I should make a note here that while you can just delete the files, and will be fine in most cases, it is a good practice to instead move the files to a temp folder long enough (a day or week) to make sure there are no negative repercussions from the file removals.  It is just smart to play it safe.

• Compsumm.box – This is for component summarizer messages.  If you have old stuff, it may not be relevant any more so remove the files.
• CIAMgr.box – Configuration items, probably related to patches but perhaps for other things.  If the files are older than a week, they have probably been forgotten and can be removed.
• Auth\dataldr.box\badmifs – Hardware inventory that was bad for some reason.  Often times the bad file will be a temporary thing and the system will self correct, leaving files behind.  Once you have investigated and solved the reason it is bad, feel free to remove the files.
• Hman.box – Don’t touch stuff in the subfolders, but if files in the root are old, site communication probably had a hiccup at some time and the files can be removed.
• Sinv.box\badsinv – Software inventory gone bad, similar to the dataldr.box\badmifs.  Remove files once any investigation is done.
• Statmgr.box – These are status messages and old files can be removed as they are probably no longer relevant.
• Auth\statesys.box\corrupt – Old status messages here should be removed .  They are probably out of date anyway.
• Auth\ddm.box\regreq\bad_ddrs - These are discovery records that couldn't process for some reason.
• Colleval.box - old .CEP files may become orphaned and can be safely deleted if older than a week

There are lots of inboxes, and I’m sure many of them also get file backlogs for various reasons.  these are just the ones I see most often.  As I see and validate them I will update this list as appropriate.

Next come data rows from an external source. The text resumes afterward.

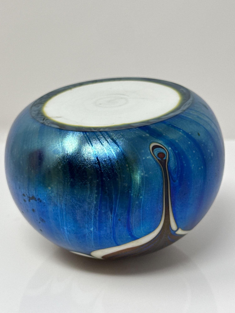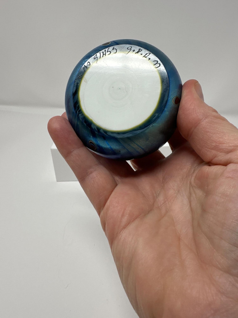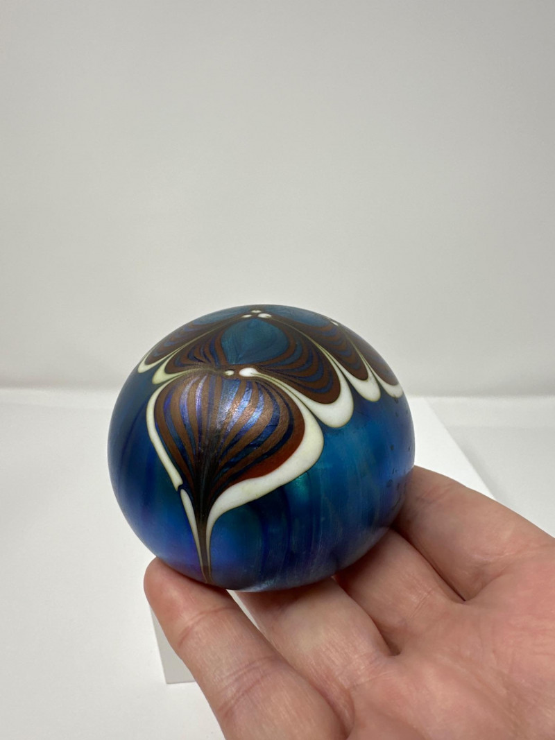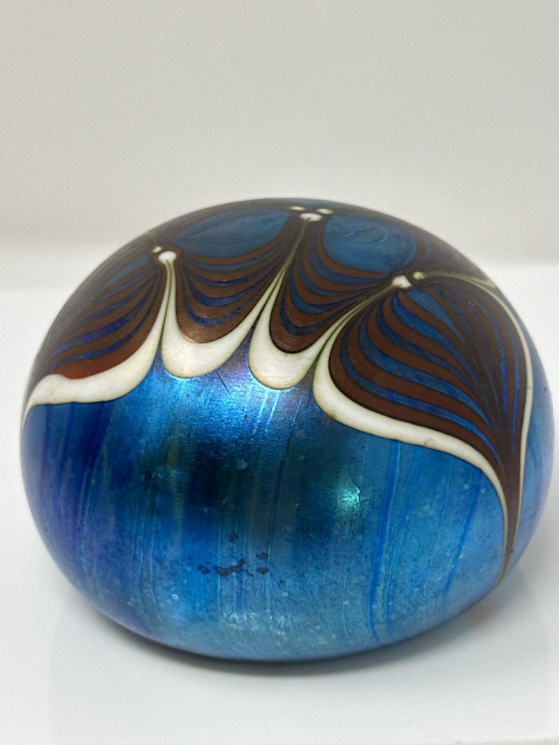 Lot # 72 - Steven Smyers Art Glass Paperweight – Iridescent Blue W/Feather Cane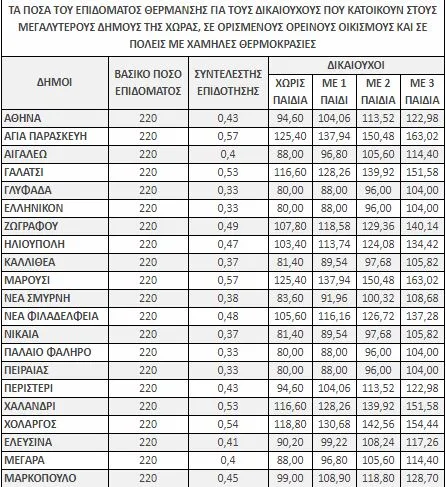 Επίδομα θέρμανσης: Αναλυτικά οι πίνακες με τα ποσά
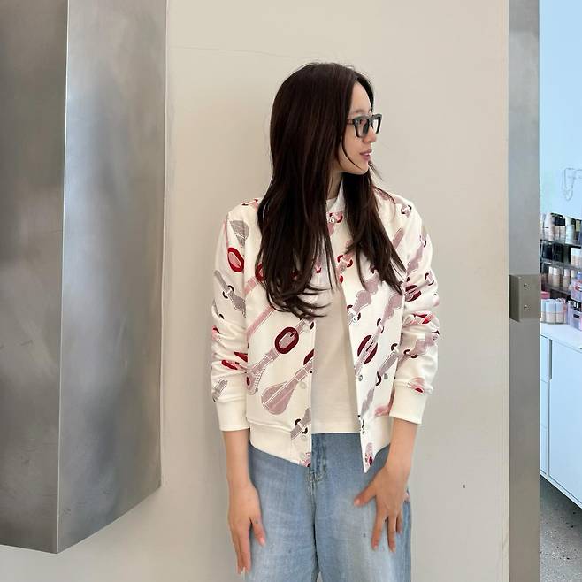 함은정은 화이트 컬러의 프린트 점퍼와 심플한 흰 티셔츠, 연청 데님 팬츠를 매치해 산뜻한 캐주얼룩을 연출하고 있다. 자연스럽게 풀어진 긴 머리와 미니멀한 스타일링이 편안하면서도 세련된 분위기를 자아낸다. 전체적으로 밝은 컬러를 활용해 경쾌한 이미지를 강조했다.

For a good list of all the inboxes and their purpose, see this technet article.

7/29 update - Added CEP files

I was working with a customer once and we were looking for a good way to separate laptops from desktops within Configuration Manager when we hit upon this little known “memory” trick that I wanted to share.

Often times people use the Win32_SystemEnclosure class and look up the chassis type.  While this is a good, and accurate, way to do it the fact that you have to parse all the possible outcomes to then group into “laptop” and “not laptop” is a little bit of a pain.  An alternative method that we found is to use the Win32_PhysicalMemory class instead.  In there is a property called FormFactor that can be put to use.  We found that a value of 12 would indicate a laptop.  12 means that the memory in the machine is SODIMM, a memory used almost (but not totally) exclusively by laptops.  While this isn’t as fool proof as the system enclosure, I suspect that it will work for most of you out there who are trying to differentiate laptops from desktops in your ConfigMgr inventory.

There is one downside, which is that the Win32_PhysicalMemory class is not collected by default as part of your hardware inventory.  Adding it is easy enough though, just modify your SMS_DEF.MOF and off you go.